The clinical implications of our finding of lower limb gait asymmetry in people with unilateral mild-to-moderate hip OA are open to interpretation. In the short term, gait asymmetry could be interpreted as a highly functional adaptation that facilitates gait function in the presence of symptoms (e.g., pain [7,25]) and neuromuscular deficits (e.g., muscle weakness [30] and activation [45]). The long-term implications of these adaptations are less clear but have the potential to be detrimental for both the affected and compensating joints. For example, an elevated risk of secondary OA in the contralateral knee of people with advanced hip OA was reported [5,11]. However, it may not be asymmetry per se that is the problem, but rather that asymmetry has the potential to alter the mechanical environment of the joint in a manner that is detrimental to the tissue state [12]. As all biological tissues are sensitive to their mechanical environment, subtle changes in the magnitude, direction, timing, and region of loading can lead to tissue degeneration via mechanobiological pathways [49]. Our main practical recommendation based on the findings presented is therefore that altered loading (i.e., over- or under-loading, focused or distributed loading), which may be driven by asymmetry, has the potential to adversely affect joint health, and should be carefully monitored in gait pathologies such as hip OA.
An important strength of this study is the inclusion of both unilateral hip OA and bilateral hip OA groups.
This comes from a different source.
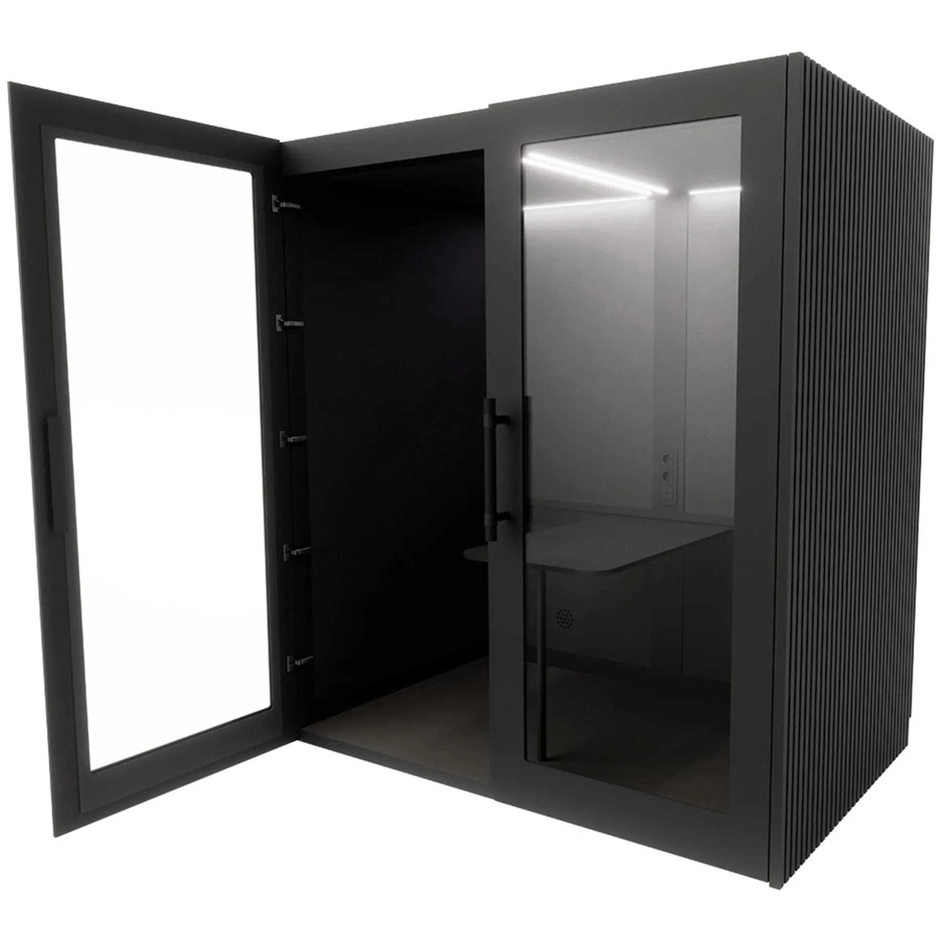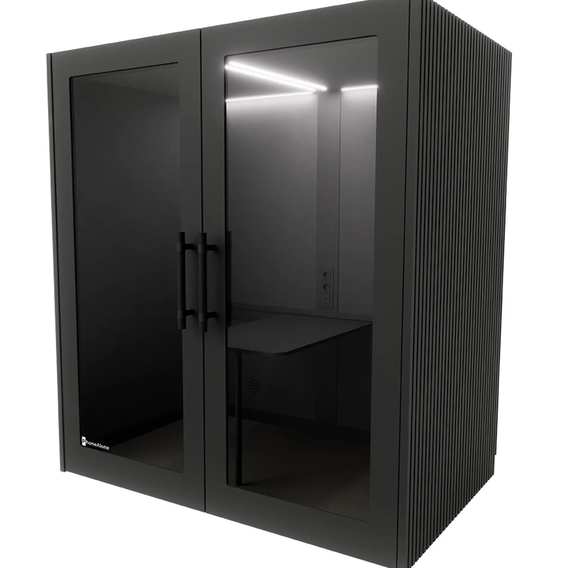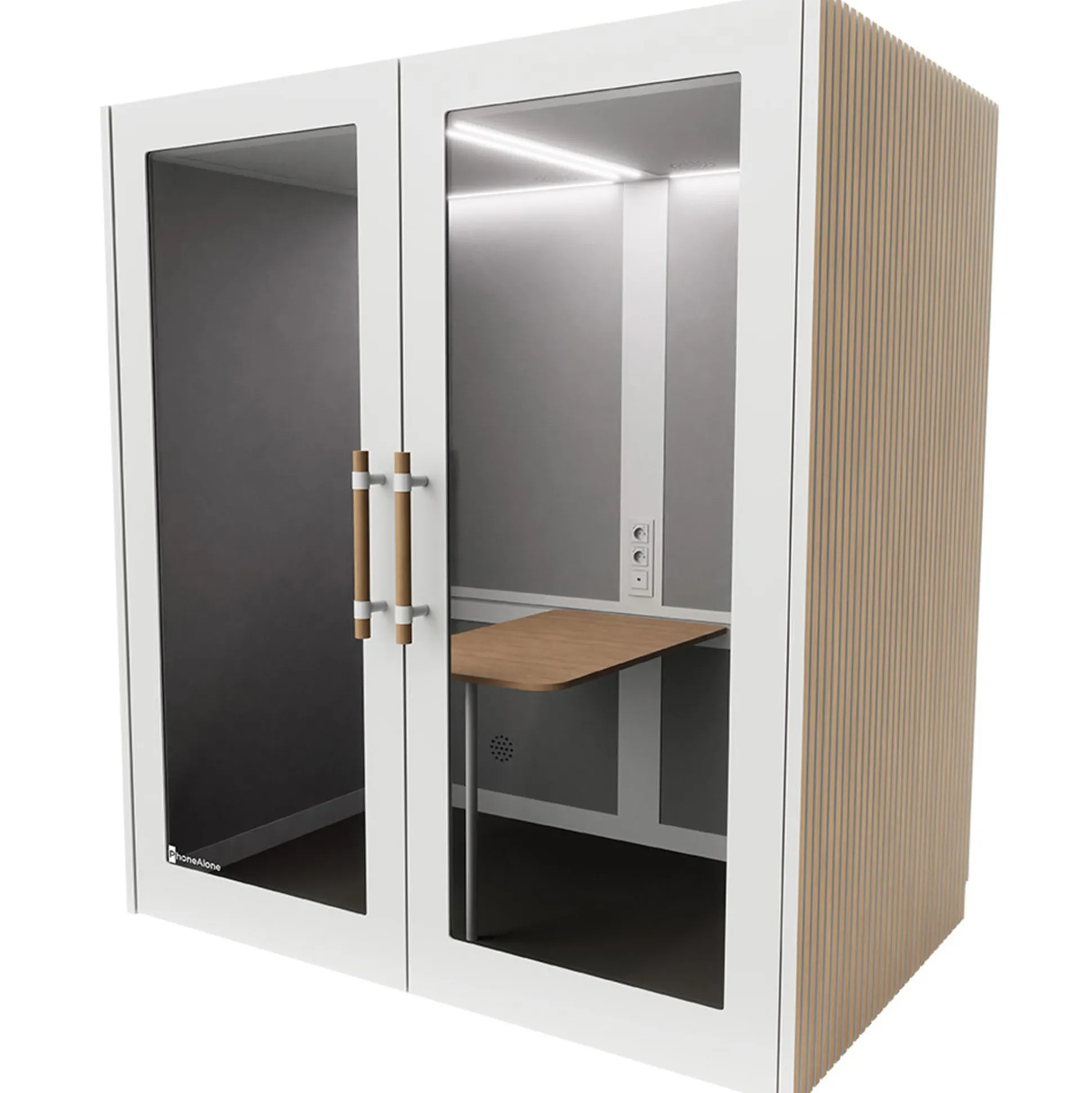 Mødeboks, der fungerer som stillerum er ideelt til storrumskontorer. PhoneAlone’s mødeboks er til 4 personer og er udstyret med seks ventilatorer for et bedre indeklima, som aktiveres af en bevægelsescensor, som samtidigt også aktiverer lys og strøm i mødeboksen. Bordet i PhoneAlone mødeboksen er monteret på en let metalskinne, således at bordet kan flyttes. Denne funktion gør det muligt at ”transformere” mødeboksen om til et kontor.

Our results show that differences are present between these groups and tailoring personalised management techniques may be appropriate. Furthermore, eligibility was based on radiographic and symptomatic criteria, which minimised the risk of participant misclassification [50]. The primary limitation of this study is neglecting to include kinetic measures in our analysis, including joint moments and articular loading, which can occur in the presence or absence of kinematic asymmetry. We accounted for possible differences in kinematics due to sex by balancing the distribution in our groups; however, we were unable to fully explore this variable due to our limited sample size, and larger sample sizes should be considered in the design of future studies. Finally, we assessed asymmetry as the absolute difference in kinematic measures between limbs. Relative measures of asymmetry, which consider the size of the difference relative to motion amplitude, were also explored but did not alter findings or interpretation. Therefore, we chose to report only absolute measures of asymmetry for simplicity. The implications of biomechanical asymmetry during activities of daily living for disease progression requires further investigation.

5. Conclusions

Individuals with unilateral hip OA exhibit lower limb asymmetries consistent with those reported in advanced stages of disease during walking, but not sit-to-stand. Consideration of the possible negative effects of gait asymmetry on the health of the affected and compensating joints appears warranted in the management of hip OA.

Author Contributions

Conceptualization, J.P.H. and R.S.B.; methodology, J.P.H.; software, J.P.H.; validation, J.P.H.; formal analysis, J.P.H.; investigation, J.P.H. and M.C.; resources, R.S.B.; data curation, J.P.H. and M.C.; writing—original draft preparation, J.P.H., L.E.D., D.J.S., and R.S.B.; writing—review and editing, J.P.H., L.E.D., D.J.S., and R.S.B.; visualization, J.P.H.; supervision, L.E.D., D.J.S., and R.S.B.; project administration, M.C., J.P.H., and R.S.B.; funding acquisition, M.C. and R.S.B. All authors have read and agreed to the published version of the manuscript.

Funding

Funding for this project was provided by a Griffith University Area of Strategic Investment Grant in Chronic Disease Prevention.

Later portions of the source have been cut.